The article is, in fact, an excellent analysis of three British music copyright cases. Considering how prevalent musical arrangements were, it is no surprise that there was litigation concerning copyright from time to time. Legal arguments examined various factors. No-one disputed the importance of the melody, but as we all know, there is more to a composition than that, and as for a series of opera tunes rearranged into a different order for dancing to? Well, you’ll have to read it!

It was interesting to find names that I have often encountered in other capacities, and particularly fun to meet my friend the quadrille arranger, Philippe Musard, again. (I looked at some of his quadrilles while reconstructing the contents of the University of St Andrews’ most popular copyright music volume, vol.284, now missing.)

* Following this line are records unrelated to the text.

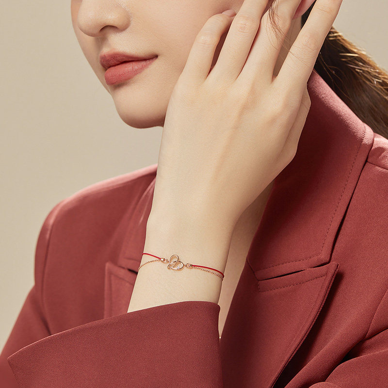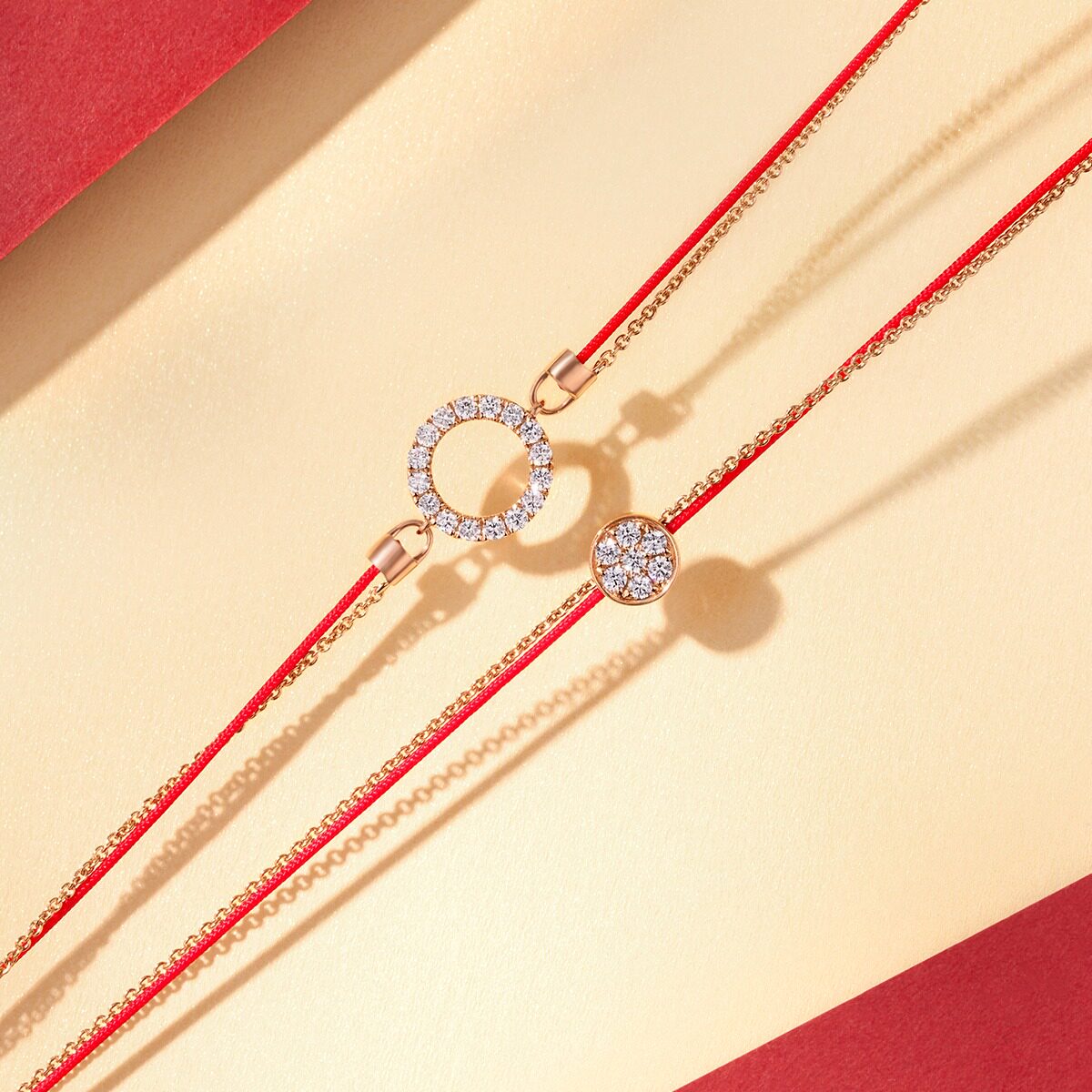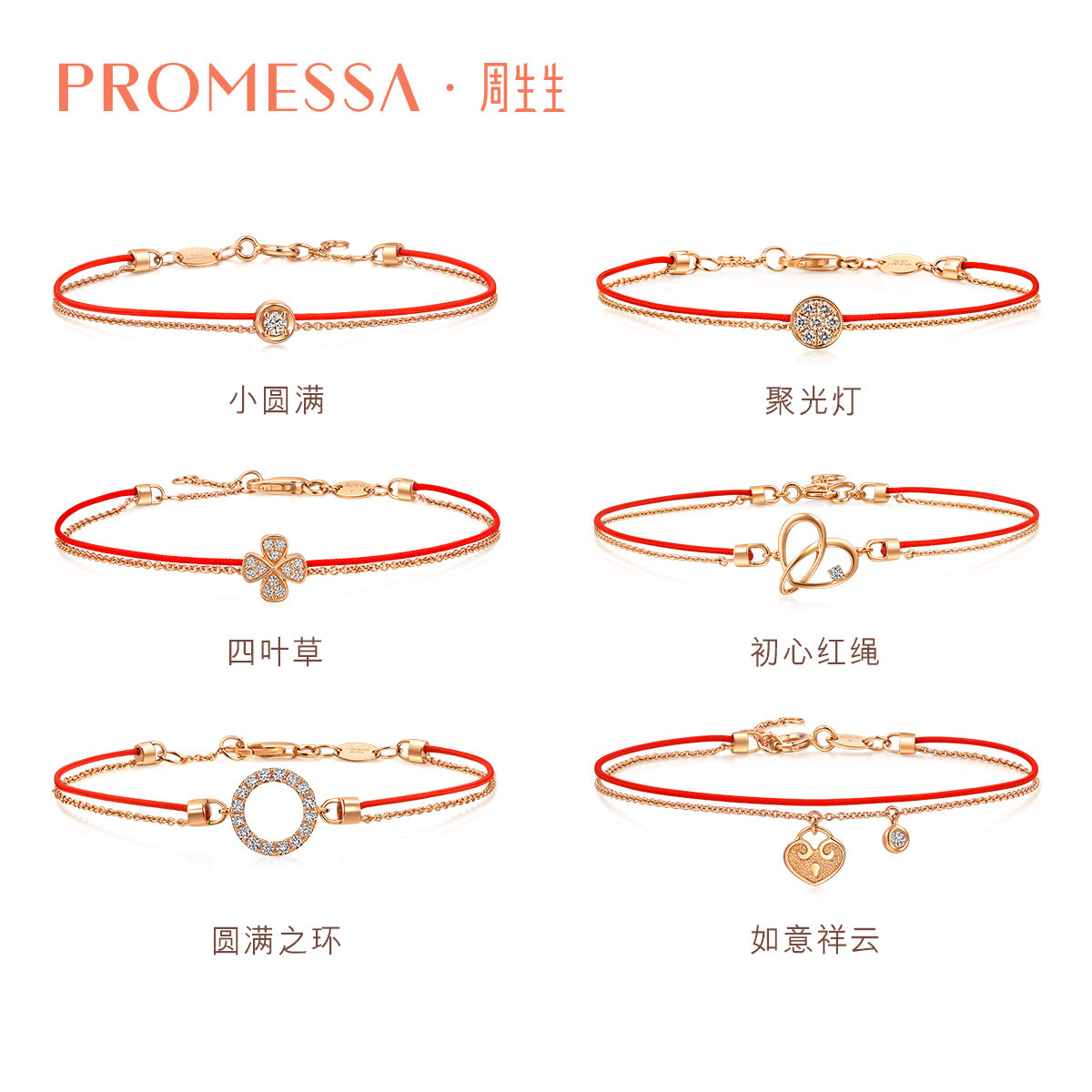 周生生PROMESSA同心18K玫瑰金红绳钻石手链本命年手绳
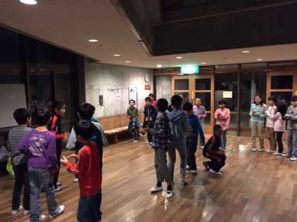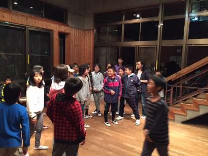 1クラスずつ天体観測所にいき,残りのクラスは明日の「キャンプファイヤー」の練習をしています。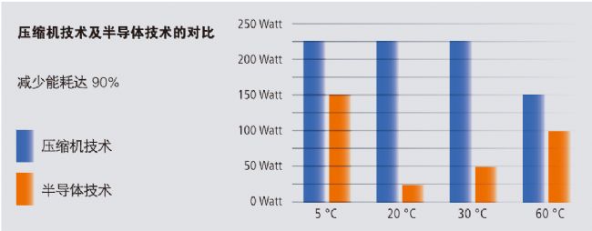 半導(dǎo)體技術(shù)與使用壓縮機(jī)相比,在運(yùn)行時(shí)振動(dòng)很小且安靜,比壓縮機(jī)制冷技術(shù)節(jié)省多達(dá)90%的能耗,如下圖所示。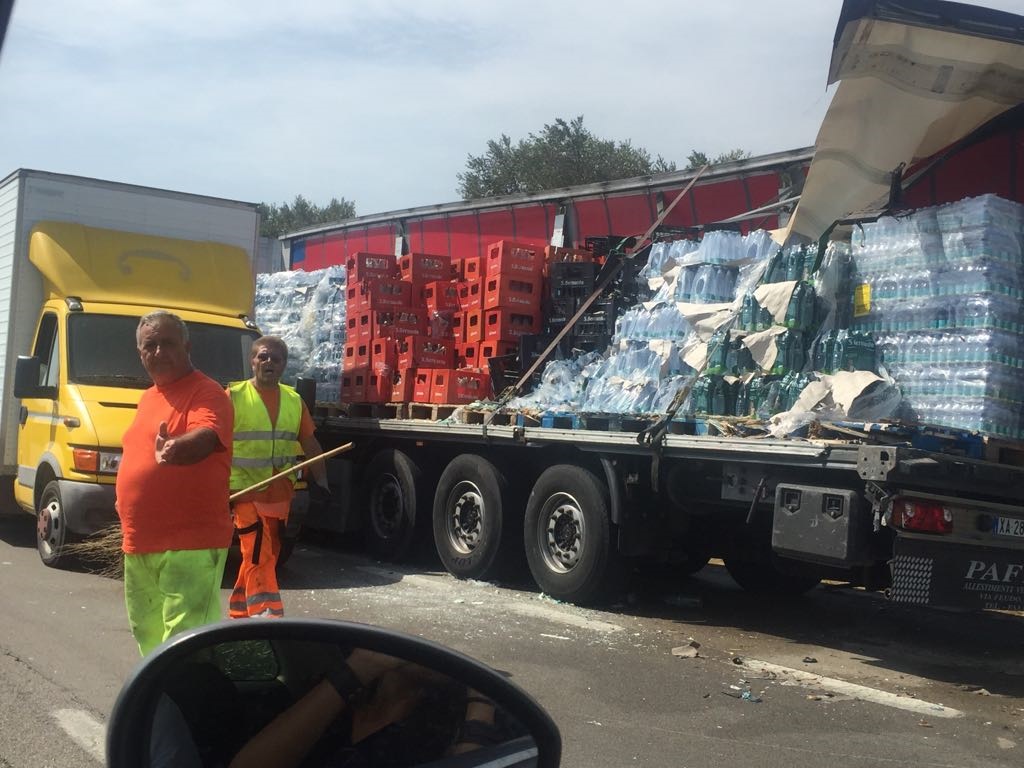 Immediato l’intervento sul posto  della Polizia stradale, della Guardia di Finanza, del personale dell’Anas e anche del 118 per soccorrere uno dei conducenti rimasto ferito, ma per fortuna non gravemente. Nel frattempo, il tratto in cui si è verificato il sinistro è rimasto chiuso generando code lunghe fino a 10 km. Per oltre un’ora si è così proceduto a passo d’uomo o almeno fino a quando il carico finito per strada è stato trabordato su un altro mezzo.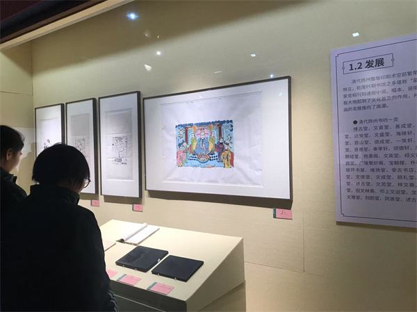 步入木版年畫展廳,五彩斑斕的年畫世界瞬間映入眼簾。一幅幅精美的年畫仿佛帶人穿越時(shí)空,回溯至舊時(shí)光的揚(yáng)州街頭巷尾。畫中慈眉善目的老壽星手捧壽桃,身旁圍繞著嬉笑玩耍的孩童,寓意著家庭和睦、多福多壽,其鮮艷明亮的色彩搭配、夸張生動(dòng)的人物造型,引得同學(xué)們駐足凝視,嘖嘖稱贊。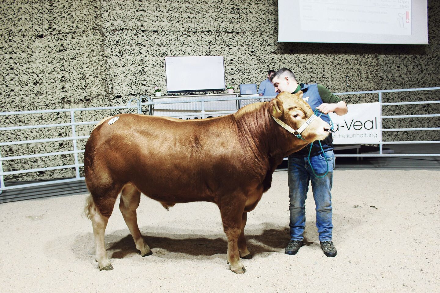 Die Auktion startete mit den Limousin, beginnend mit den höchstpunktierten Stieren. Der mit 93 Punkten in der Synthese beurteilte, knapp 14 Monate Elitestier Wildhabers Mambo war seinem neuen Besitzer 6400 Franken wert. Die folgenden Stiere galten 5700 bis 6100 Franken. Burris Cyril, der am Vortag gewählte Champion der Limousin, galt 7600 Franken. Der ausgeglichene Stier lief ruhig am Halfter, wie man es von Burris-Stieren gewohnt ist. Der ausgeglichene, 14 Monate alte Elitestier hat Vorfahren aus Australien und den USA.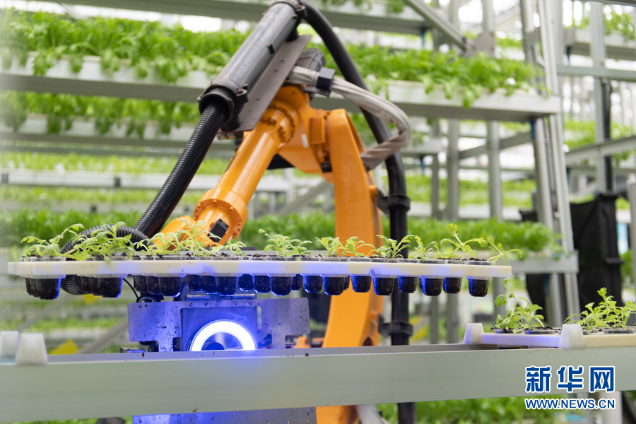 工廠內(nèi)的蔬菜栽培,采用了智能化立體式栽培技術(shù),韭菜、茼蒿等原來長在地里的蔬菜,如今長在種植架上,產(chǎn)量較傳統(tǒng)露地栽培也可以增產(chǎn)數(shù)倍以上。從“一粒種子到一顆菜”實(shí)現(xiàn)全程無人化作業(yè),施肥由智能化計(jì)算管控,農(nóng)活由機(jī)器人承包。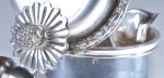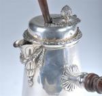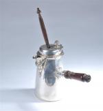 CHOCOLATIÈRE fond plat en argent, poinçon Minerve, bec cannelé et décor de guirlandes, prise de main en grappe sur couvercle pivotant découvrant l'orifice pour la tige du mélangeur. Manche latéral en palissandre tourné, style Louis XVI, époque du 19ème siècle. Poids : 628 g ; on y joint un mélangeur bois

Even if I don’t rush off to follow up all Lockhart’s references, there are a dozen or so that I shall be adding to our bibliography. There’s a lot there, excellent for providing context to our own research:-

  • What music the Victorians enjoyed
  • The development of legal definitions around the process and art of musical arrangement
  • How musicians perceived arrangements
  • Evidence that the records of music registration were actually referred to in cases of litigation!

When I get the chance to open my laptop, I will get these references into Mendeley and then into the bibliography. For now, with a tablet on a crowded Virgin train, I have to concede temporary defeat!